Why the difficulty, the dense passages?

I would say that my language is grounded in what Jan Zwicky calls “the
essential lack of clarity in human experience attendant on the exercise of
our capacity for language.” Aristotle claimed that “not to have one meaning
is to have no meaning,” but ambiguity is essential to language and
consciousness.

In my quotidian experience, my awareness alternately blurs and sharpens.
In my poems, words turn opaque, textured as sound, pitch, rhythm,
woven into design and then they come clear as meanings shaped by that
design. I think we see them and we see through them. Texture and text.
Nontransparent aesthetic form and transparent thematic content. It is
this staging of transparence and density, of appearance and disappearance,
which is, for me, the erotic tension in the work.

Of Torn Awake

I’ve wondered whether it is possible to find a line, syntax, rhythmical
orchestration that would decentralize the subject’s control of the sentence
or, likewise, expand the range of agencies. As part of that investigation in
reading, these poems have been nourished by Merleau-Ponty’s The Visible
and the Invisible and The Phenomenology of Perception and also by Levinas,
Ricouer, Shusterman, and Henri Bergson.

In an earlier book, Deeds of Utmost Kindness, I tried to work out a lineal
and thematic formalism from geology to write the poems of “The Blue
Rock Collection.” So, for instance, the poem called “Yellow Quartz” is
composed in six lines and references the passage of light because quartz
crystals are hexagonal and pellucid. Later, this came to seem arbitrary to
me. An entertaining, Oulipoean practice, but overly determined.

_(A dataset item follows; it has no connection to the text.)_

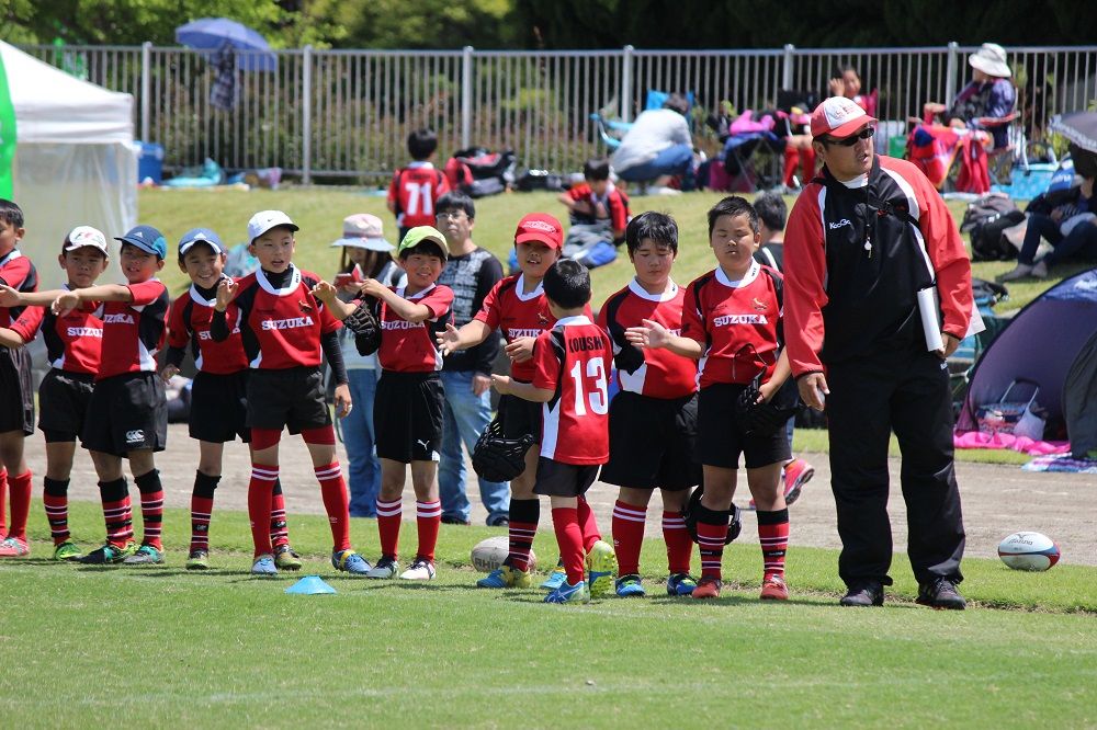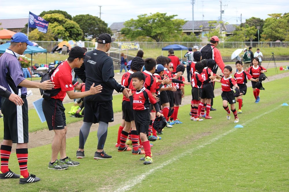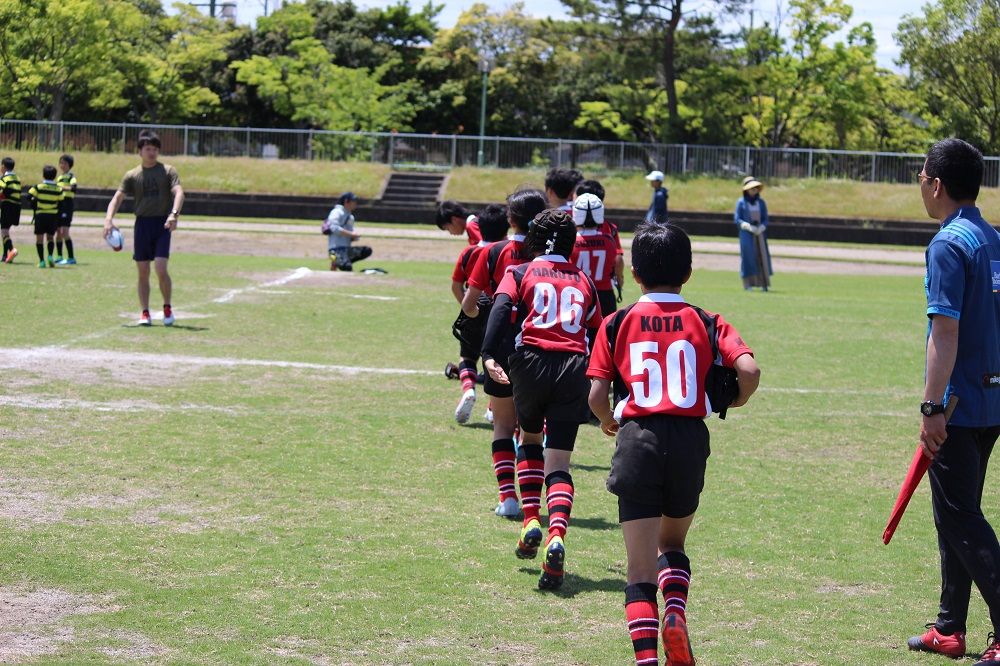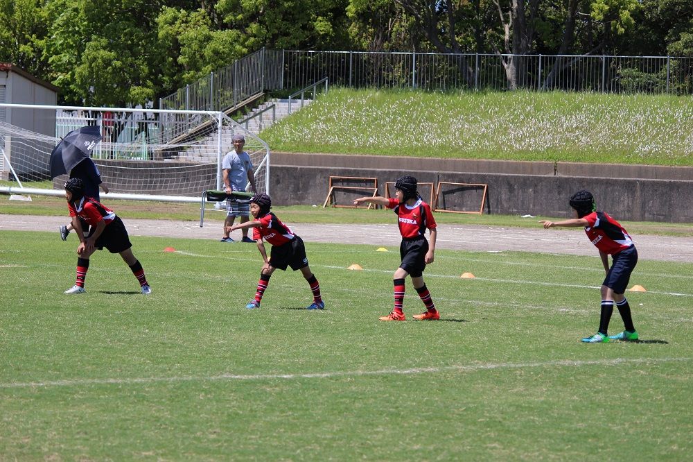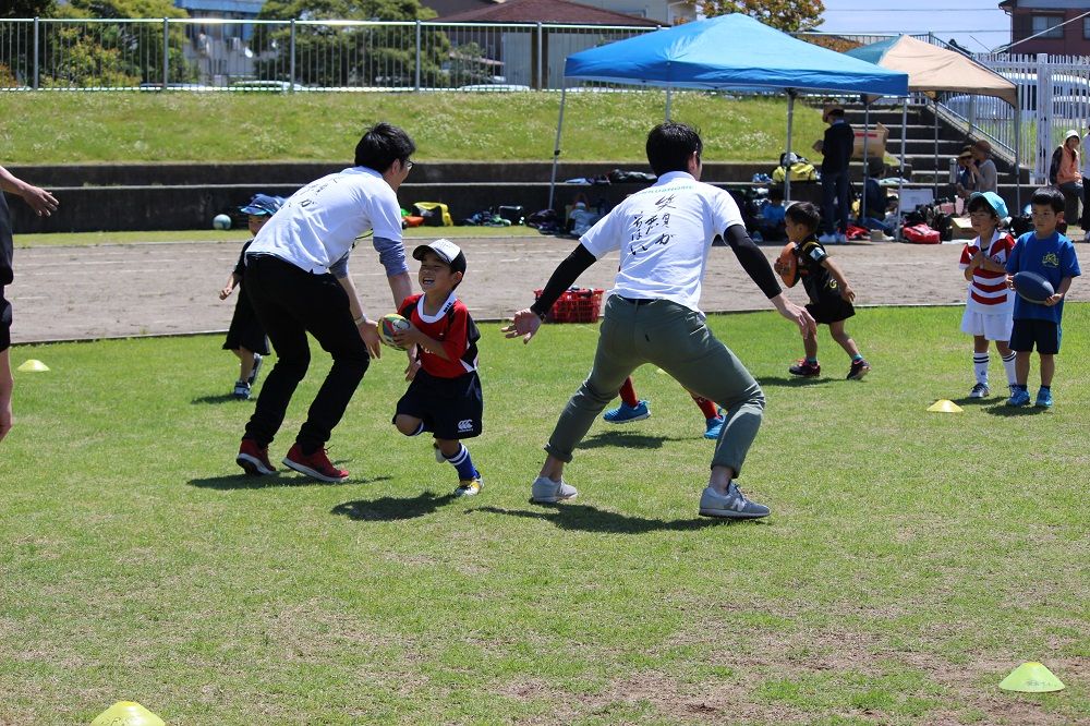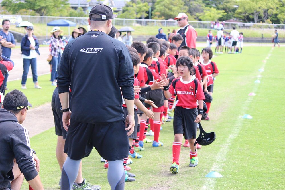 これもラグビーです。試合後のコーチとのハイタッチが印象的。

In Torn Awake’s “Line of Descent,” I wanted the poem to have the look
and feel of that winding, cutting back, vertiginous (hence air on both
sides) descent by foot into the Grand Canyon, and I was remembering,
too, the clarity of the strata as you descend the steeper north face. Of
course you read the stratigraphic layers as you descend, not only visually
but like a Braille. It is impossible not to trace your fingers across the
rocks, to feel the Triassic conglomerates shift into the Permian sandstones
and shales and then into the Redwall limestones. The strata extend and
thin out or are cut away, and sometimes there are abrupt uncomformities
(which the form of the poem about father and son in the KOA bathroom
means to enact—the visual unconformity parsing a geological feature into
a metaphor for the psychological and emotional disconnection between
parent and child). I wanted the line to take all that on.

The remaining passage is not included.